Could you retype the records below exactly as they appear, skipping any pictures?

[Data entries]
□ □ □
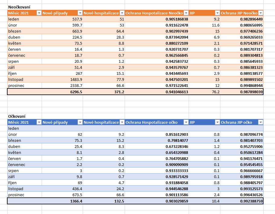 A porovnaní diagnostikovaných a hospitalizovaných zjistíte, že neočkovaní jsou chránění proti hospitalizací z 94% a proti JIP až z 98%
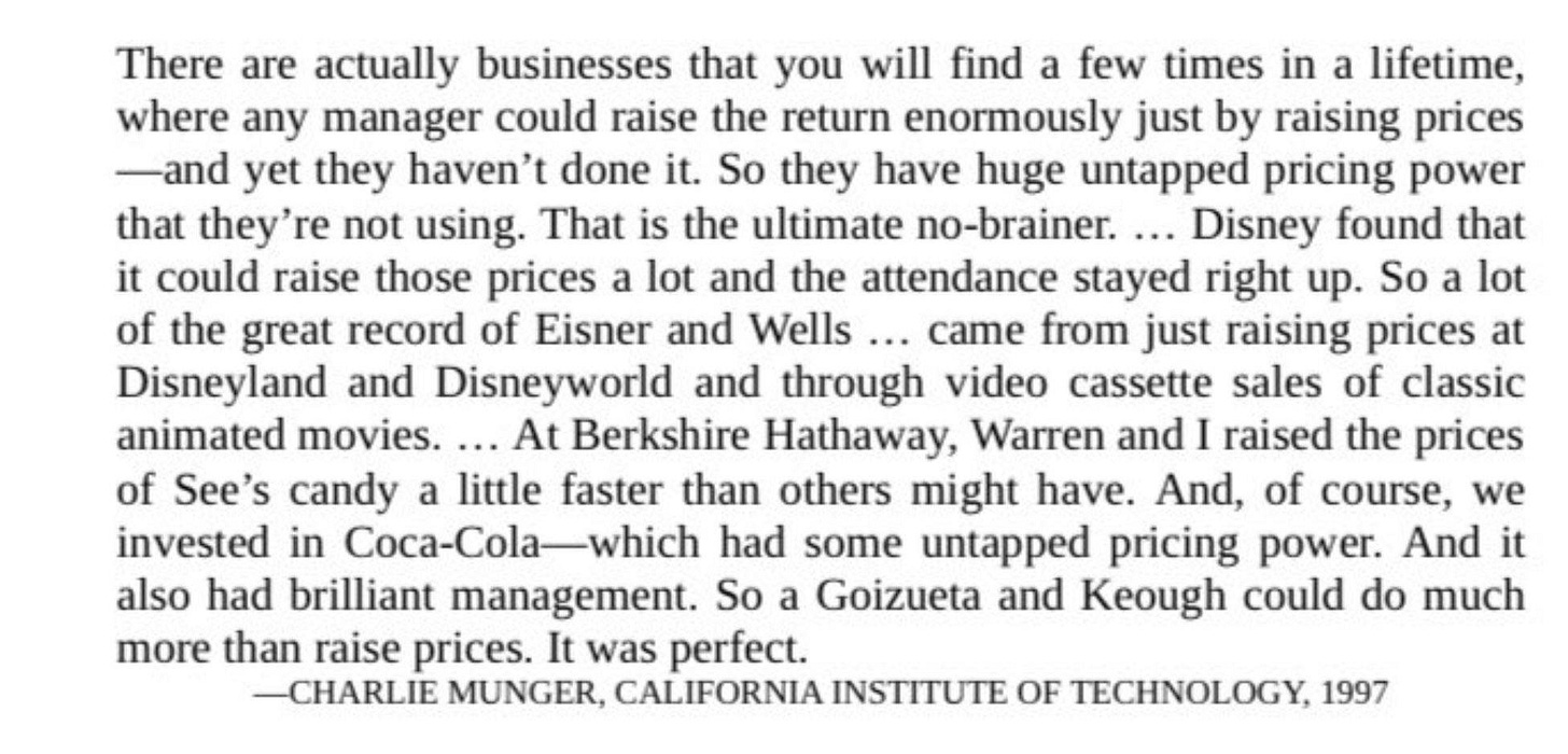Pricing will always be the fastest path to profitability. Full stop. The trick is getting it right. Before we unpack what goes into it, let me share this Charlie Munger quote on the concept of “pricing power” in business.
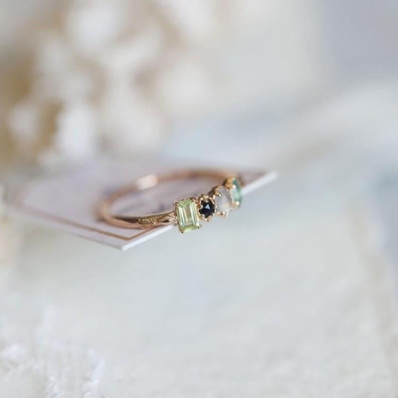 Step into Monet’s dreamy world with this Enchanted Garden Multi-Gem Ring, a delicate piece inspired by the soft colors and poetic serenity of Water Lily Pond. Each gemstone—rich green, deep black, shimmering clear, and tranquil blue—is thoughtfully arranged like blossoms scattered across an artist’s canvas.
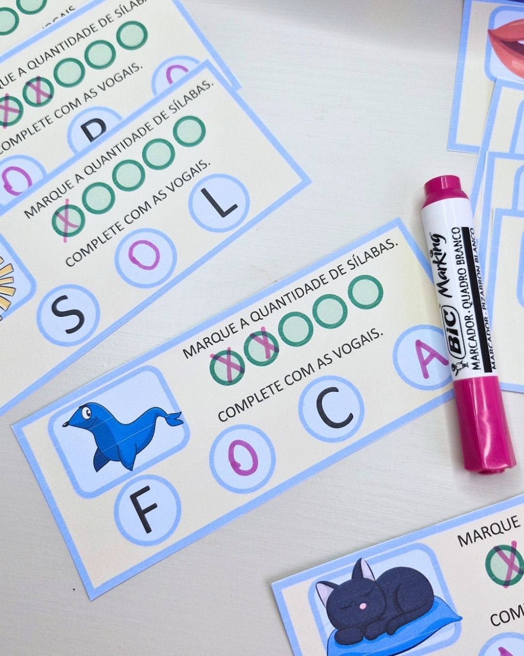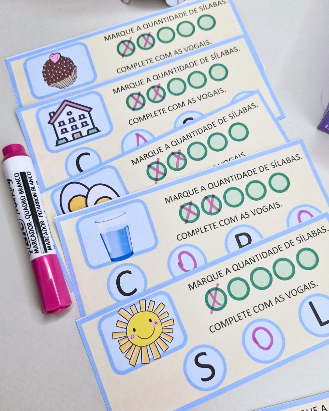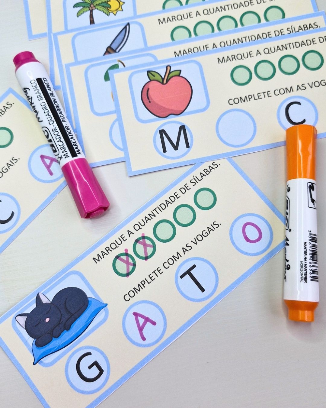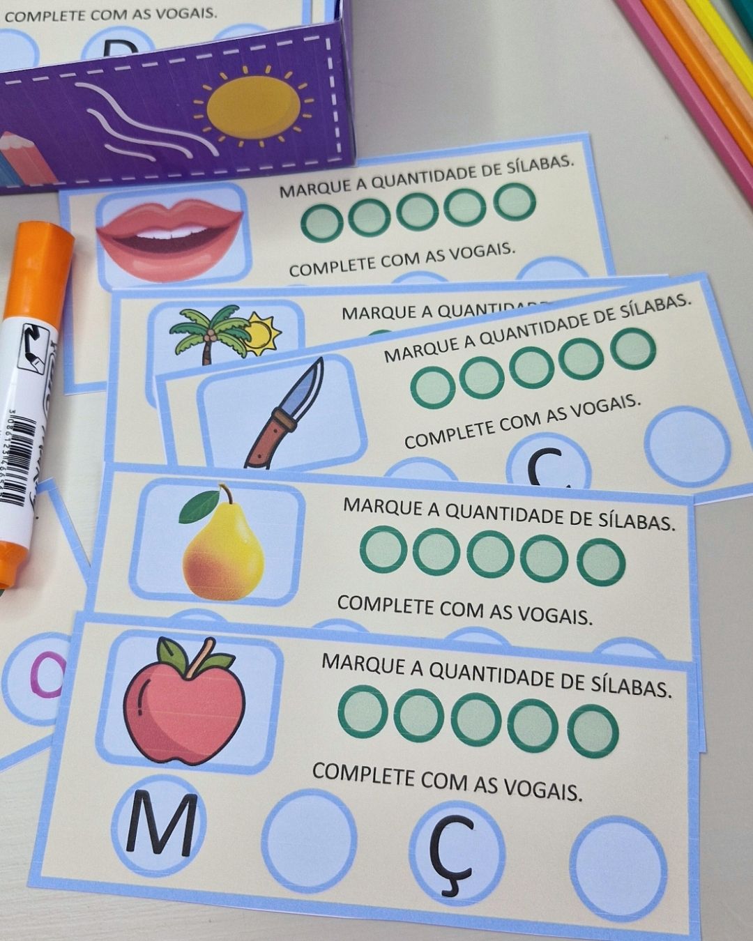 As crianças vão marcar as sílabas e completar as palavras com as vogais, fortalecendo a consciência fonológica e o reconhecimento das letras.
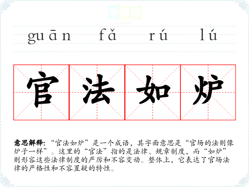 “官法如炉”是一个成语,其字面意思是“官场的法则像炉子一样”。这里的“官法”指的是法律、规章制度,而“如炉”则形容这些法律制度的严厉和不容变动。整体上,它表达了官场法律的严格性和不容置疑的特性。
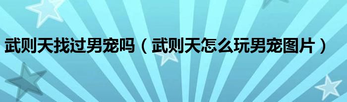 武则天找过男宠吗(武则天怎么玩男宠图片)
□ □ □
- OUTPUT FOR THIS EXERCISE
 A porovnaní diagnostikovaných a hospitalizovaných zjistíte, že neočkovaní jsou chránění proti hospitalizací z 94% a proti JIP až z 98%
Pricing will always be the fastest path to profitability. Full stop. The trick is getting it right. Before we unpack what goes into it, let me share this Charlie Munger quote on the concept of “pricing power” in business.
 Step into Monet’s dreamy world with this Enchanted Garden Multi-Gem Ring, a delicate piece inspired by the soft colors and poetic serenity of Water Lily Pond. Each gemstone—rich green, deep black, shimmering clear, and tranquil blue—is thoughtfully arranged like blossoms scattered across an artist’s canvas.
 As crianças vão marcar as sílabas e completar as palavras com as vogais, fortalecendo a consciência fonológica e o reconhecimento das letras.
 “官法如炉”是一个成语,其字面意思是“官场的法则像炉子一样”。这里的“官法”指的是法律、规章制度,而“如炉”则形容这些法律制度的严厉和不容变动。整体上,它表达了官场法律的严格性和不容置疑的特性。
 武则天找过男宠吗(武则天怎么玩男宠图片)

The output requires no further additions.